[Your task]
Could you write out every record below exactly, leaving out any pictures?

**** Given data ****

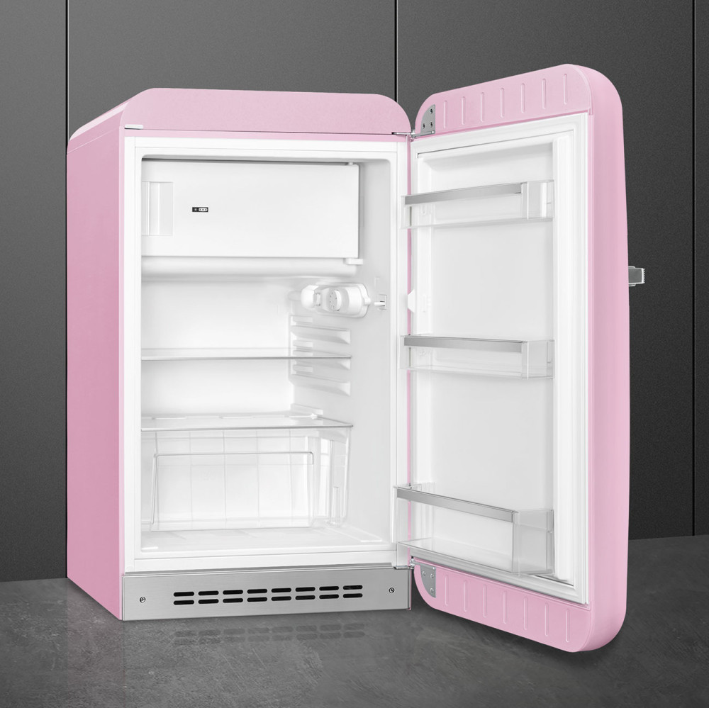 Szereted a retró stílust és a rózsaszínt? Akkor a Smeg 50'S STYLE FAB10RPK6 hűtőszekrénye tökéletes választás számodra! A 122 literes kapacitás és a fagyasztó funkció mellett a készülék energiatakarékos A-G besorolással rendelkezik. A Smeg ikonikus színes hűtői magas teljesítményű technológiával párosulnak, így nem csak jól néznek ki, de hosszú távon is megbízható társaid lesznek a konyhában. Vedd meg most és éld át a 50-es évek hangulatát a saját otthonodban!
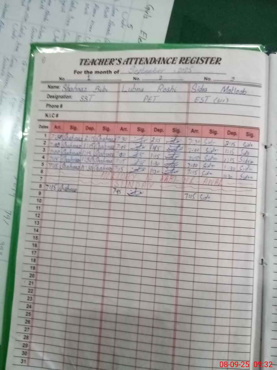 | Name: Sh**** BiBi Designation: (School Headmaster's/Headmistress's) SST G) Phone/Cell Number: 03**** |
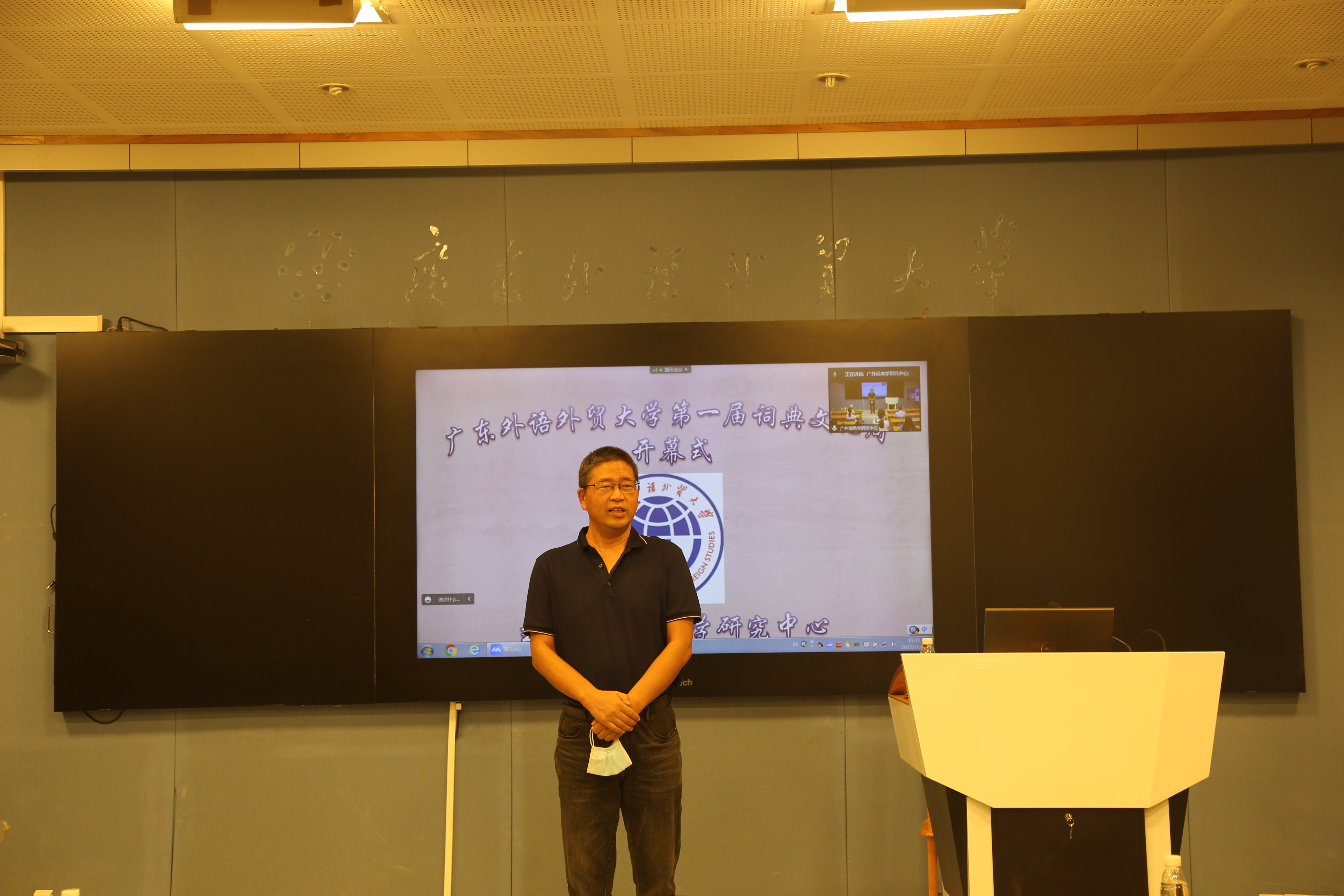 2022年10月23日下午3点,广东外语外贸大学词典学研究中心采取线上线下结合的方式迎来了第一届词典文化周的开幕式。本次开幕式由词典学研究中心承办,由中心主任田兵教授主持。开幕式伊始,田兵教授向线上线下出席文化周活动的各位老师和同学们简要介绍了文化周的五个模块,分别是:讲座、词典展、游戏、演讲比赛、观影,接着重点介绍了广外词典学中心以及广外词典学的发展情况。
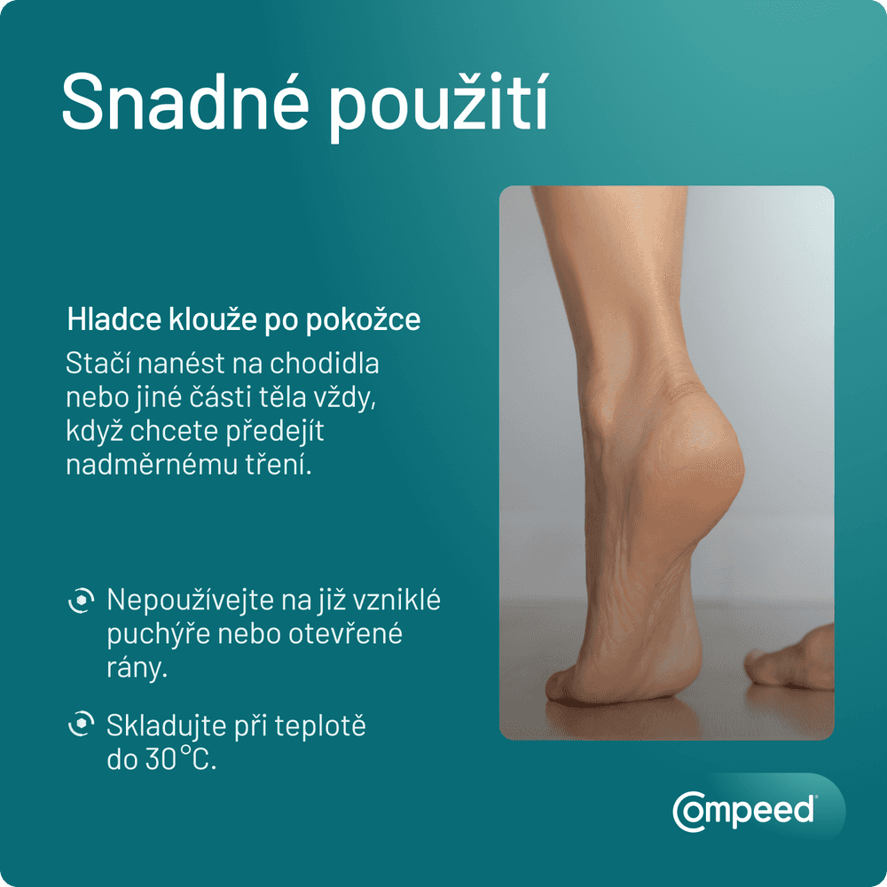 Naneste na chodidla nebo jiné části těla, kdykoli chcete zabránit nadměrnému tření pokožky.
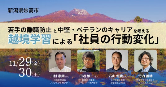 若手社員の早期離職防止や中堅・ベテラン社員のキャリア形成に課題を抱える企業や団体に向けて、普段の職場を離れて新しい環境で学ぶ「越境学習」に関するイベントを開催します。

****

[Result for this exercise]
 Szereted a retró stílust és a rózsaszínt? Akkor a Smeg 50'S STYLE FAB10RPK6 hűtőszekrénye tökéletes választás számodra! A 122 literes kapacitás és a fagyasztó funkció mellett a készülék energiatakarékos A-G besorolással rendelkezik. A Smeg ikonikus színes hűtői magas teljesítményű technológiával párosulnak, így nem csak jól néznek ki, de hosszú távon is megbízható társaid lesznek a konyhában. Vedd meg most és éld át a 50-es évek hangulatát a saját otthonodban!
 | Name: Sh**** BiBi Designation: (School Headmaster's/Headmistress's) SST G) Phone/Cell Number: 03**** |
 2022年10月23日下午3点,广东外语外贸大学词典学研究中心采取线上线下结合的方式迎来了第一届词典文化周的开幕式。本次开幕式由词典学研究中心承办,由中心主任田兵教授主持。开幕式伊始,田兵教授向线上线下出席文化周活动的各位老师和同学们简要介绍了文化周的五个模块,分别是:讲座、词典展、游戏、演讲比赛、观影,接着重点介绍了广外词典学中心以及广外词典学的发展情况。
 Naneste na chodidla nebo jiné části těla, kdykoli chcete zabránit nadměrnému tření pokožky.
 若手社員の早期離職防止や中堅・ベテラン社員のキャリア形成に課題を抱える企業や団体に向けて、普段の職場を離れて新しい環境で学ぶ「越境学習」に関するイベントを開催します。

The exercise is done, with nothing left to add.